I’ve written before about my inherent distrust of movies that claim to be based on true events and real people. In the case of I Love You Phillip Morris, I sincerely hope that the facts were simply embellished and turned into a really awful screenplay. I’d like to think that, in real life, Phillip Morris would have called Steven Russell on his shit early on and not just been the naïve twink who acts (and runs) like an ignorant quarterback’s impression of queers. Can two people be in a serious relationship for this long and really have no idea of who they’re committed to? I suppose so, but in order to make that compelling, you need to really peel back the onion, and not just shrug it off with a “let’s move on to the next kooky prison break” attitude.

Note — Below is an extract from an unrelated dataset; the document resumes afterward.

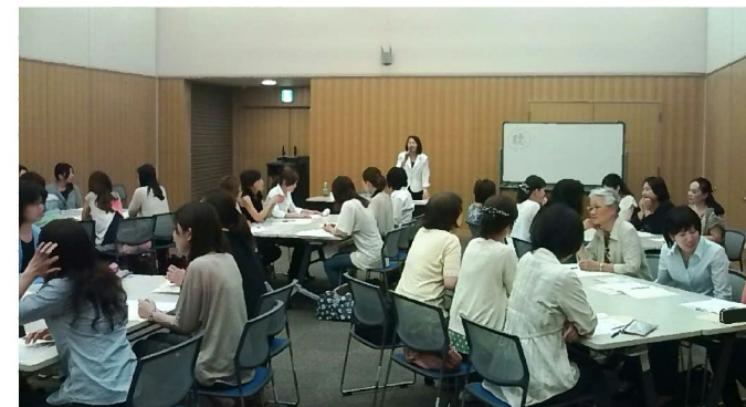
会場いっぱいの35人が参加 (6/22)

意見が聞けて良かったです。(歯科受付) ★初対面の方とのディスカッションは緊張しました。時間の経過とともに少しずつ会話が出来るようになってくると、参考になる意見がたくさん出てきました。(受付事務)

It’s entertainment like this that perpetuates the stereotypes of gays in our society, and which will likely be looked back upon in fifty years in much the same way as Amos & Andy is today. Sure, it’s a love story, but it’s a love story between a person who is totally unlovable and another who’s a cypher, an idea of a person whose importance as a vehicle of redemption overshadows any human qualities whatsoever.
The people behind I Love You Phillip Morris may not be homophobic, but their film most definitely is.